Mereka di-kos-kan di rumah penduduk sekitar sekolah. Tercatat, sebanyak 94 siswa SMP dan SMA asal Desa Suwidak terpaksa tinggal di rumah kost, baik di Kecamatan Karangkobar maupun Wanayasa.

"Dibantu dari PGRI Banjarnegara dan donatur. Sebagian biaya hidup siswa di kost ditanggung oleh mereka," tutur Kepala Desa Suwidak Arif Santosa, Sabtu, 20 Januari 2018.

Dia tak bisa memastikan sampai kapan anak-anak desa ini harus tinggal di rumah kost.
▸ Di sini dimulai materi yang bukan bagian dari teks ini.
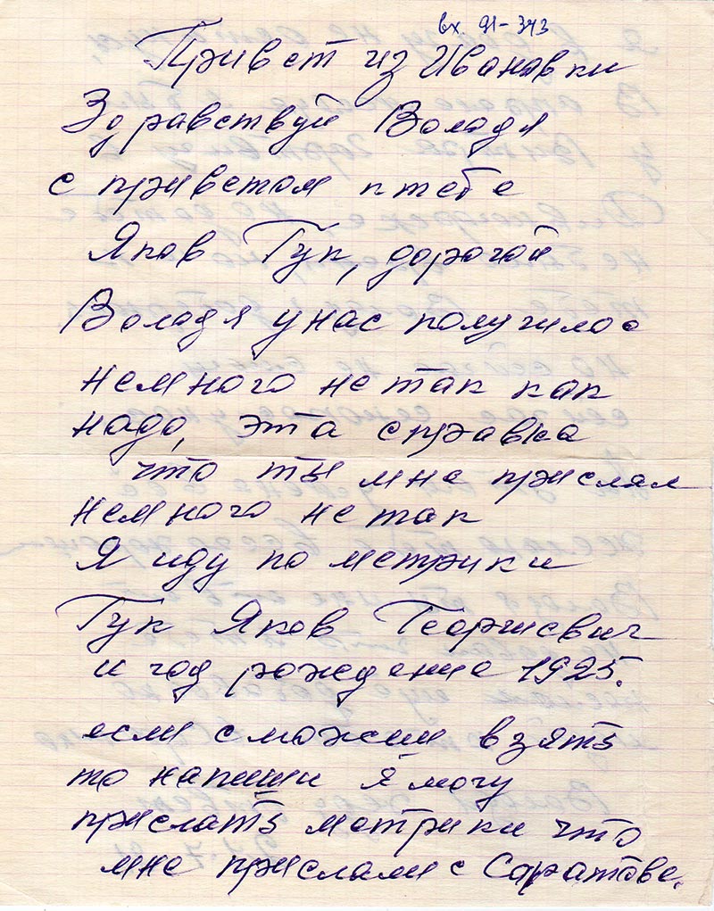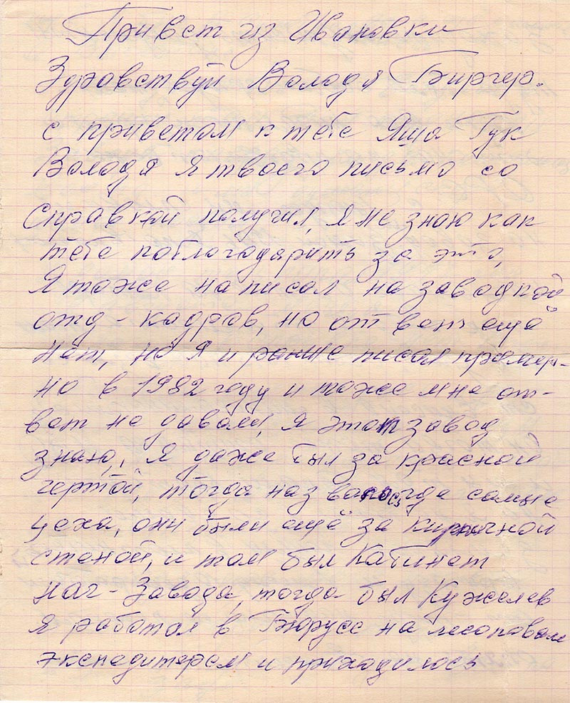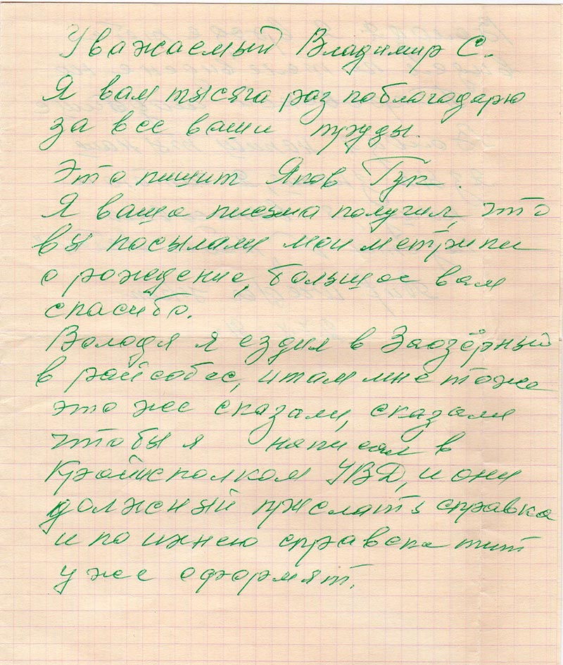Здравствуй Володя с приветом к тебе Яков Гук, Володя получил я твоего письмо, и

Pasalnya, hingga saat ini belum ada kabar kapan jalan yang putus akan diperbaiki.

Tak hanya anak SMP, anak sekolah dasar (SD) di Desa Suwidak yang berada di Dusun Ngaliyan, Banjarnegara pun terpaksa memutar 1,5 kilometer menuju sekolahnya. Mereka terpaksa meniti jalur licin dan curam di lereng perbukitan untuk menuju sekolah.

Warga tak berani membuka jalur baru yang berdekatan dengan jalan utama. Selain curam, area di sekitar longsoran juga masih labil dan berisiko tinggi terjadi longsor atau gugur susulan.
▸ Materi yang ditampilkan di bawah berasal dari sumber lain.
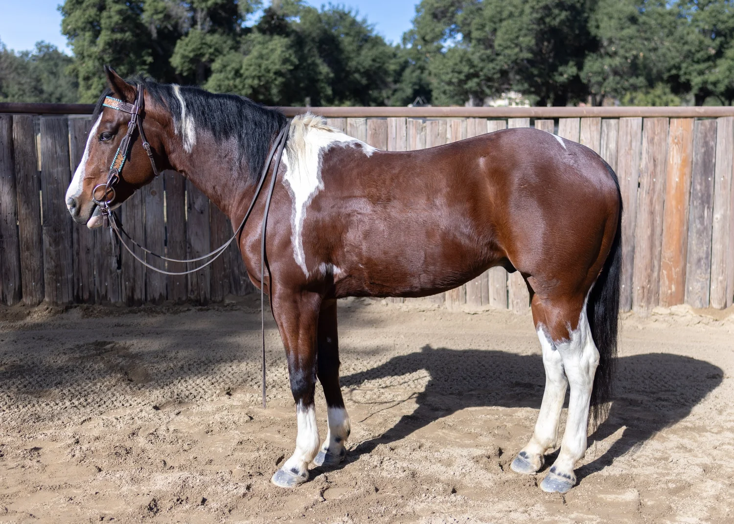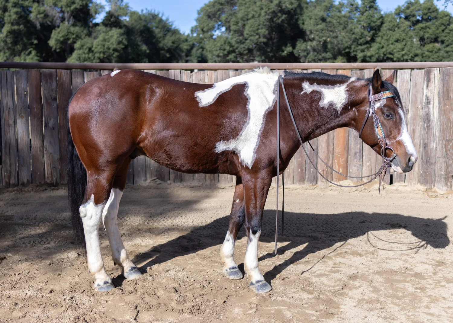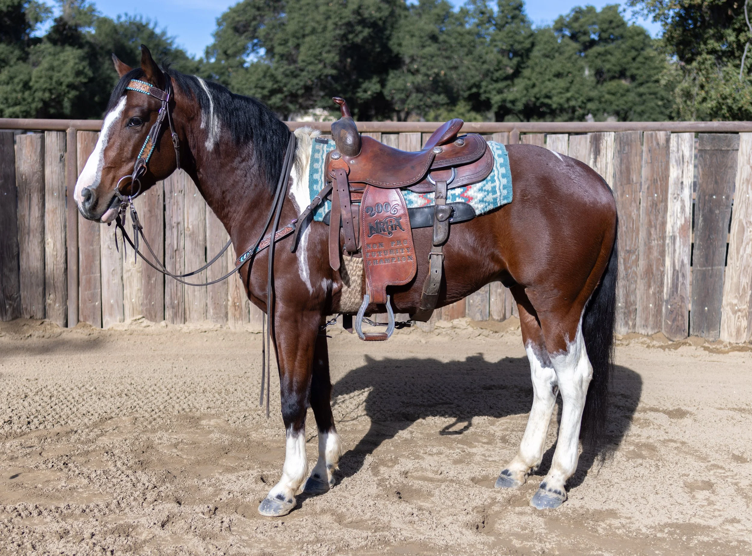 Falcon is a 5 year old Bay Paint Gelding, just plain incredible for a young horse and easily one of our favorite horses in the barn. He has been hauled extensively, been trail ridden everywhere, spent a lot of time doing all of the ranch chores and is equally happy working in the arena. He is whip smart and has a great attitude which makes him very easy to train. He has shown us that he can do anything we ask of him and is incredibkly reasonable about requests he doesn’t quite understand. Falcon is about as bombproof as we can expect a 5 year old horse to be.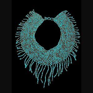 Handmade Crafted Beaded Turquoise Black Bead 17"L Fringe Collar Necklace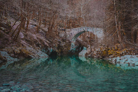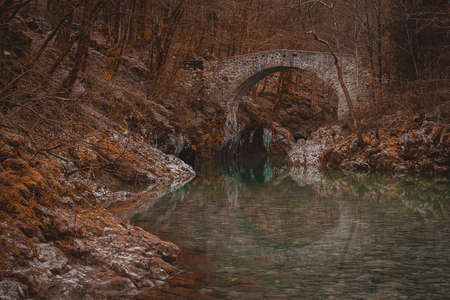 Beautiful stone bridge on Nadige or Nadiza river, called old Napoleon bridge. Enchanted magical stone bridge in cold late autumn environment. View over Water.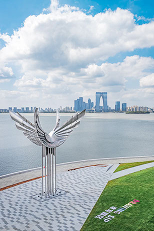 園區開発建設30周年の記念彫刻『飛翔』は、中國とシンガポールの深い友情及び協力ウィンウィンの美しい未來を示し、右岸客廳の輝かしい風景にもなった。李亜平氏一行は右岸客廳エリアに歩き、蕓術、文化、レジャーが融合された一般の民衆の生活體験空間を存分に感じ、園區が協力の初心を覚え、ウィンウィン発展を追求し、中國とシンガポール両國が「全面的で質の高い未來志向のパートナーシップ」の構築に新たな貢獻をすると望んでいる。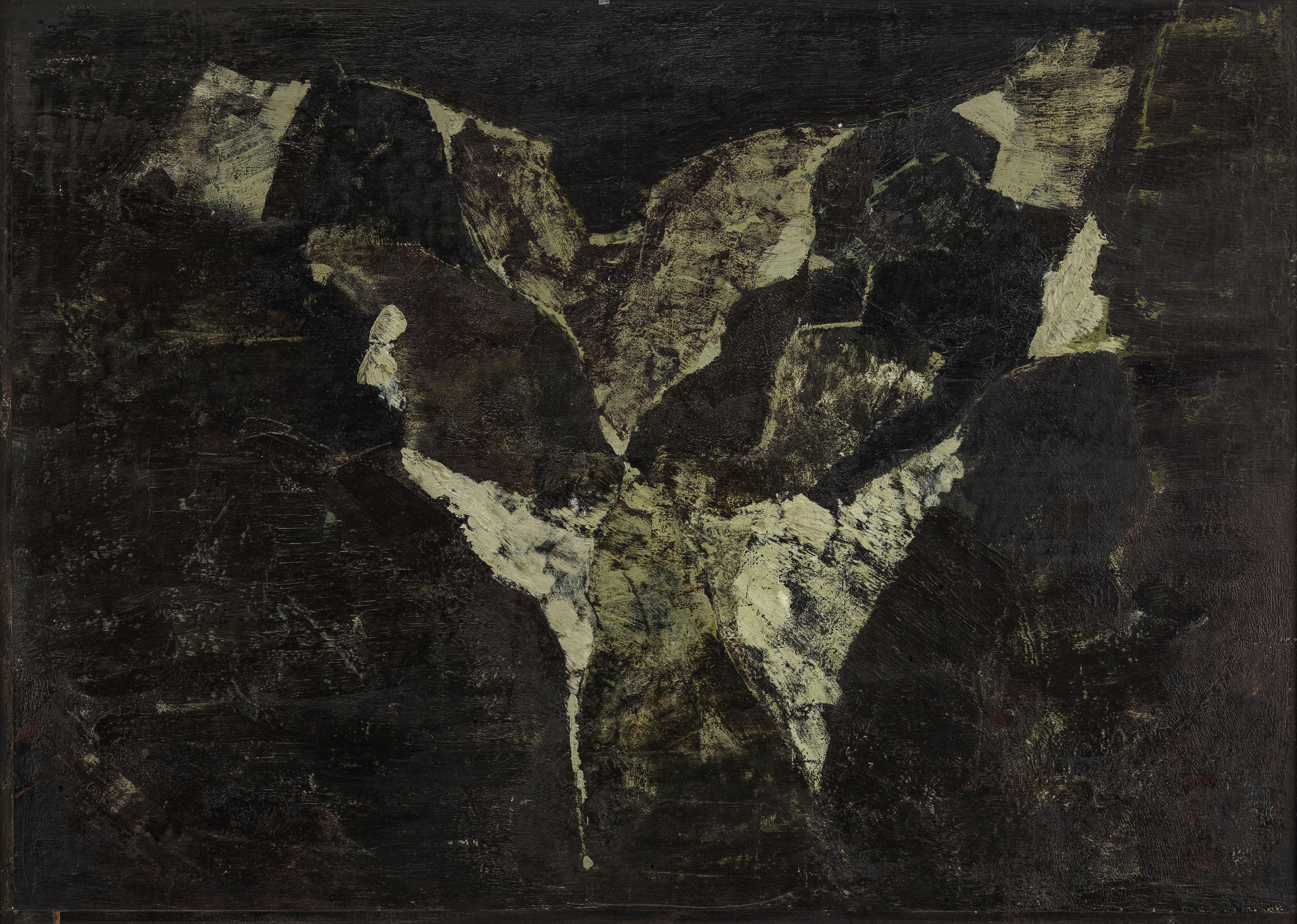 Les fleurs du deuil, huile sur carton marouflée sur isorel, 50x70 cm. Exposée en 1986 au Musée Cantonal des Beaux-Arts de Lausanne.

"Jangankan membuat jalur, mendekat saja warga takut. Soalnya tanahnya sangat labil," Arif menjelaskan.

3 dari 3 halaman

Waktu Perbaikan Jalan Putus Belum Pasti

Longsor memutus jalur satu-satunya di Dusun Pramen Suwidak, Banjarnegara. (Foto: Liputan6.com/SRU RAPI/Muhamad Ridlo)
Perbesar
Longsor memutus jalur satu-satunya di Dusun Pramen Suwidak, Banjarnegara. (Foto: Liputan6.com/SRU RAPI/Muhamad Ridlo)

Kepala Desa Bantar, Eko Purwanto menjelaskan, gerakan tanah yang terjadi di Desa Bantar tak terjadi secara tiba-tiba. Menurut dia, gerakan tanah ini sebelumnya sudah pernah terjadi dan merusak sejumlah rumah di Dusun Sikenong dan Pramen.

Pergerakan tanah ini telah dirasakan warga sejak Minggu pagi (7/1/2018) sekitar pukul 10.00 WIB, ditandai dengan rekahnya badan jalan aspal. Pukul 13. 00 WIB tanah di jalan itu anjlok sedalam 1 meter.

"Rekahan sempat ditutup dengan tanah agar bisa dilalui kendaraan," kata Eko.

Namun, tanah terus bergerak hingga malam dan mencapai kedalaman 2 meter. Jalan putus total sekitar pukul 19.00 WIB.

Akibatnya, Dusun Sikenong yang dihuni 185 Kepala Keluarga (KK) atau sekitar 600 jiwa pun terisolir. Mereka tak bisa keluar dusun lantaran tak ada jalur alternatif yang bisa dilalui.

Kepala Badan Penanggulangan Bencana Daerah (BPBD) Banjarnegara, Arif Rachman mengklaim telah berkoordinasi dengan Dinas Pekerjaan Umum (DPU) untuk mengecek jalan yang putus antara Desa Bantar menuju Desa Suwidak.

Mempertimbangkan pentingnya jalan bagi warga, ia pun mendesak agar PU segera memperbaiki jalur ini. Namun, kemungkinan besar penanganan baru akan dikerjakan setelah gerakan tanah berhenti.

"Sudah berkoordinasi dengan DPU agar segera tertangani," ucap Arief Rachman.